Last week, The Inquisitr covered a story about a mom who had agreed to let the Internet choose her baby’s name, to the tune of $5,000. The story seemed unbelievable to readers who thought no one would ever let someone pay them for the rights to name their own child. Turns out, they were right.

The “mom” who claimed to be the winner of the Belly Ballot contest was actually a paid actress, according to recent reports. The Los Angeles website LAist initially questioned the validity of the contest, saying that the mother, Natasha Hill, looked remarkably like 26-year-old actress Natasha Lloyd. The hoax was eventually admitted by Belly Ballot’s co-founder, Lacy Moler.

Belly Ballot is a website that allows friends and family members of expecting parents to vote on their favorite baby names. Belly Ballot recently came to the press with news of a contest that allowed women to “sell” their baby-naming rights to the Internet. In exchange for $5,000, the winner would sign a contract giving up rights to name their child. The baby would then be named by Internet users who could vote on their favorite baby name.

The winner claimed to be three-month-pregnant Natasha Hill, a single mother who would use the prize money to pay off debt and start a college fund for her unborn baby. She was reportedly rooting for the name James.

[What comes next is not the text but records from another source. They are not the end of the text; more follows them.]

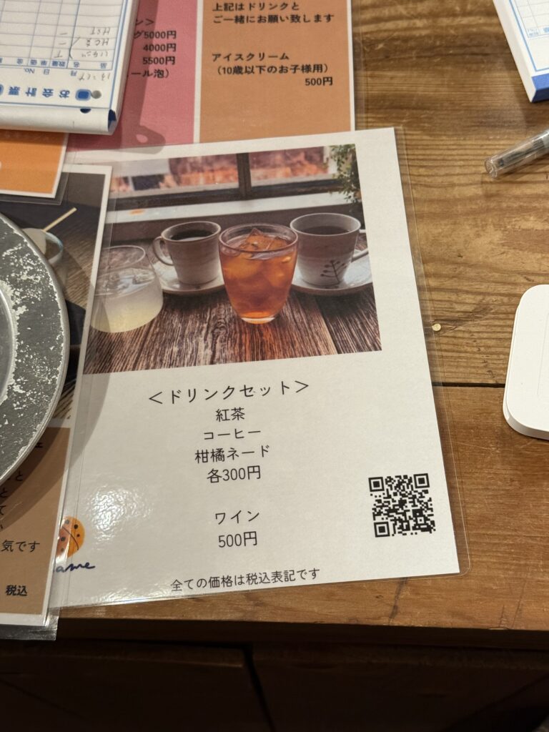 セットドリンクはコーヒー、紅茶、柑橘ネードから選べます。
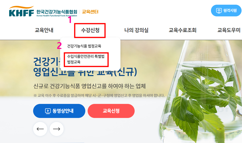 수입식품 안전관리특별법 법정교육이 나옵니다. 클릭하세요.
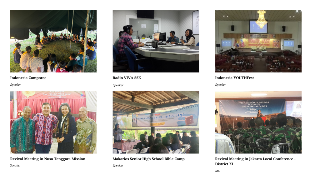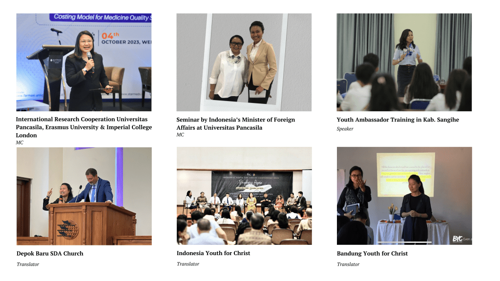 Alongside my ‘law’ journey, I received training and certification in public speaking and behavior development, and my experience as Miss Tourism Indonesia of North Sulawesi Province 2013, Wakil I Noni Sulut 2013 and Momo Sangihe 2013, has opened doors for me to be invited to serve as a master of ceremonies and speak at various events about public speaking/interpersonal communication, tourism, manners, etc. Since 2006 and after getting various bible and leadership training, I have been actively involved in church ministries such as leading youth, preaching, translating, teaching Bible studies, and mentoring young people across North Sulawesi and the West Indonesia Union Mission.
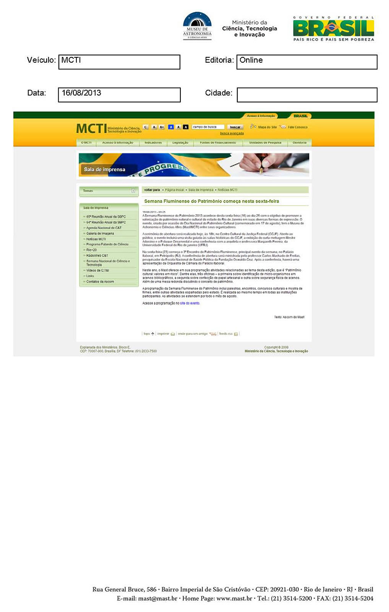 MCTI | Semana Fluminense do Patrimônio começa nesta sexta-feira
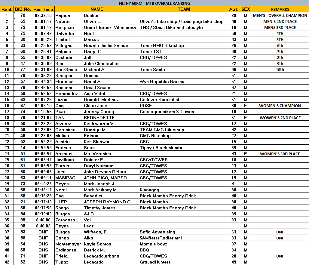 Congratulations to all finishers!!! Thank you to all sponsors, marshals and volunteers!!! Napaka FILTHY!!!!
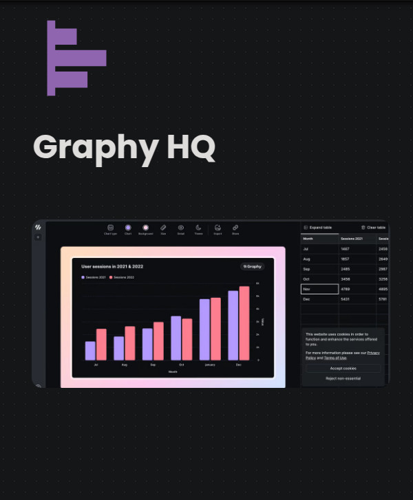 Graphy HQ es una plataforma increíble que facilita el análisis de datos y la elaboración de tablas y gráficos enriquecidos con información generada por la Inteligencia Artificial. Sólo necesitas ingresar datos básicos y la herramienta te proporcionará un análisis conciso, ofreciéndote la oportunidad de personalizar la información y crear atractivas e innovadoras representaciones visuales sin esfuerzo.
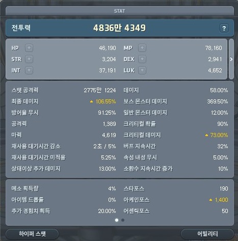 하이퍼버닝으로 5레벨이 올라가 255레벨이 되었습니다.

But after the LAist began poking holes in Hill’s credibility, Moler admitted to Today Moms that the story was all a hoax, meant to bring in publicity.

“We came up with the idea for the contest and we knew it would be controversial… But we’re a startup and we wanted to control the situation,” Moler toldToday.

Moler stated that after receiving no applications for the baby-naming contest, Belly Ballot decided to hire an actress to play the winner. Moler would not disclose how much Lloyd was being paid, or any details of their contract. After posting Lloyd as the fake winner, however, Moler notes that applications for future contests of the same nature cam flooding in.

Do you think a contest like this one could happen in the future? Would you take $5,000 in exchange for baby-naming rights?